Though it produces less CO2 when burned, fossil gas is mostly comprised of methane, a powerful heat trapper that warms the earth 86 times as much as the same mass of carbon dioxide over a 20-year period. A false environmental solution, the large volumes of “fugitive” methane escaping into the atmosphere during the fracking and transport cycle is a significant factor propelling and worsening the climate crisis.
Coal Kingdom Collapse
Partially because of the coronavirus-induced recession, total coal production is expected to crash down to only 511 million tons – a massive drop considering last year the nation mined 706 million tons. And that was already the lowest total since 1978.
With the EIA projecting mining levels “comparable with those in the 1960s,” investors are fleeing coal producers. After losing billions throughout Trump’s term, most are either emerging from or teetering upon bankruptcy.
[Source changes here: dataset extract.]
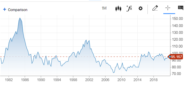 One factor that I include in my storyline is the high price of the dollar relative to other currencies, as well as high domestic valuations relative to international markets. As the Dollar Currency Index from CNBC shows, the dollar is at some of the highest levels in the past forty years. The 1980s saw the breaking of inflation, and the late 1990s experienced the technology bubble. I expect the dollar to weaken at some point in the next few years. High debt and deficits are another concern. International funds tend to outperform when the dollar weakens.

Peabody Energy, still clinging to the title of “the world’s largest privately owned, single biggest U.S. coal producer,” just wiped billions off its books after regulators recently denied it the opportunity to merge its vast western operations with fellow fallen giant, Arch Coal. Specifically objecting to plans to combine the largest coal mine in the country—the North Antelope Rochelle open pit mine in Wyoming’s Powder River Basin—with Arch’s adjacent Thunder Basin facility, the decision forced Peabody to write off nearly 22% of the company’s value. Once a proud propagandist that global warming would benefit the planet, after shedding half of its $10 billion in debt as it emerged through bankruptcy in 2017, its stock value has plummeted some 90% from $27 down to currently under $3 a share.
In a recent earnings report, even Peabody has accepted that coal’s share of generation will continue to fall because of lower long-term fossil gas prices, accelerating coal plant retirements and the continued growth of renewables. Arch, long America’s number two producer, has announced plans to sell off all thermal coal assets and concentrate on just mining higher quality coal used to make steel—where it still sees a future.
America’s coal producers, Peabody included, have long embraced a perverse business model enabled by the country’s lenient corporate bankruptcy processes and feeble federal and state regulations. Most of the industry’s investors bank on being able to walk away from liabilities like the long-term healthcare of their workers, many of whom suffer from Black Lung from working underground. Under Trump, even as they fell far behind on royalty and tax payments, most majors were allowed to simply shirk future cleanup and reclamation obligations too.
Since the pandemic hit, some 20,000 coal miners have lost their jobs. With state and county finances nationwide already in peril, there is the growing probability that America’s coal industry will collapse under its mountain of debt, resulting in more sudden mine closures and abandonments.
Desperate for survival as they chase fewer and fewer customers, remaining producers are caught in a death spiral as they cut corners within their nearly unregulated, historically dangerous industry.